• Exercise data:

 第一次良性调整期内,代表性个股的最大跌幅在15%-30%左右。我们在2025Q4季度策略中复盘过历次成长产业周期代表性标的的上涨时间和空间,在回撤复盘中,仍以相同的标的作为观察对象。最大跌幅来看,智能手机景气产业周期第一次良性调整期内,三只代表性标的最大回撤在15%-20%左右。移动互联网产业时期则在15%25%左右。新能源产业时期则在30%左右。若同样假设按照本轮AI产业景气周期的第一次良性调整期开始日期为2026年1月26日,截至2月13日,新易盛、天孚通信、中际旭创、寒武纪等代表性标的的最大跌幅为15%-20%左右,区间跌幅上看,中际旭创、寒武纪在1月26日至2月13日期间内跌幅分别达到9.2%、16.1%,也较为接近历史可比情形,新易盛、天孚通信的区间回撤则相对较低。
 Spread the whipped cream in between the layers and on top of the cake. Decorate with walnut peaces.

---

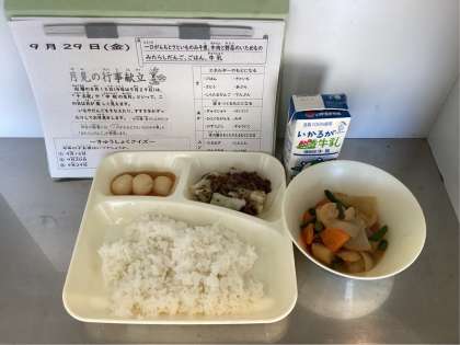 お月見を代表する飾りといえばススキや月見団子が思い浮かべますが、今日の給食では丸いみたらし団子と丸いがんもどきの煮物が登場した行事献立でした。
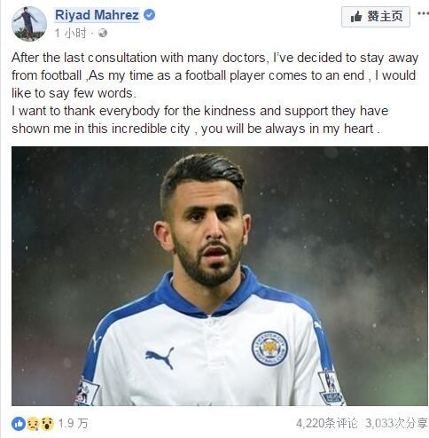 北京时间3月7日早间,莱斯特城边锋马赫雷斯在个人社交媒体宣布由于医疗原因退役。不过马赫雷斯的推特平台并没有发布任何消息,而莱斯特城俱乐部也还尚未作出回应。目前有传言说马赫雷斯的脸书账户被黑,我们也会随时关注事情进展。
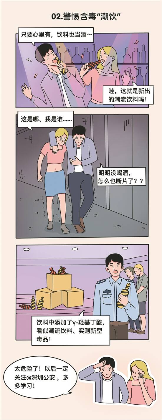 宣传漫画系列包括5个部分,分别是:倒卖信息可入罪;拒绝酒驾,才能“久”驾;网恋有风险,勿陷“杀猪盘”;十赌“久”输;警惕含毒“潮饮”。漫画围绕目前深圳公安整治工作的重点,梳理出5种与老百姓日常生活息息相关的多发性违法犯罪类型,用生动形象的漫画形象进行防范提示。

* * *

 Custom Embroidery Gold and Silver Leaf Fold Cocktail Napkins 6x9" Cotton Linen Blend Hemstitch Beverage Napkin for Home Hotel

• Goal of the exercise: Please output, exactly as written, the lines above from the one holding "お月見を代表する飾りといえば" through the one holding "宣传漫画系列包括5个部分,分", both included, with the pictures omitted.

• Answer area:
 お月見を代表する飾りといえばススキや月見団子が思い浮かべますが、今日の給食では丸いみたらし団子と丸いがんもどきの煮物が登場した行事献立でした。
 北京时间3月7日早间,莱斯特城边锋马赫雷斯在个人社交媒体宣布由于医疗原因退役。不过马赫雷斯的推特平台并没有发布任何消息,而莱斯特城俱乐部也还尚未作出回应。目前有传言说马赫雷斯的脸书账户被黑,我们也会随时关注事情进展。
 宣传漫画系列包括5个部分,分别是:倒卖信息可入罪;拒绝酒驾,才能“久”驾;网恋有风险,勿陷“杀猪盘”;十赌“久”输;警惕含毒“潮饮”。漫画围绕目前深圳公安整治工作的重点,梳理出5种与老百姓日常生活息息相关的多发性违法犯罪类型,用生动形象的漫画形象进行防范提示。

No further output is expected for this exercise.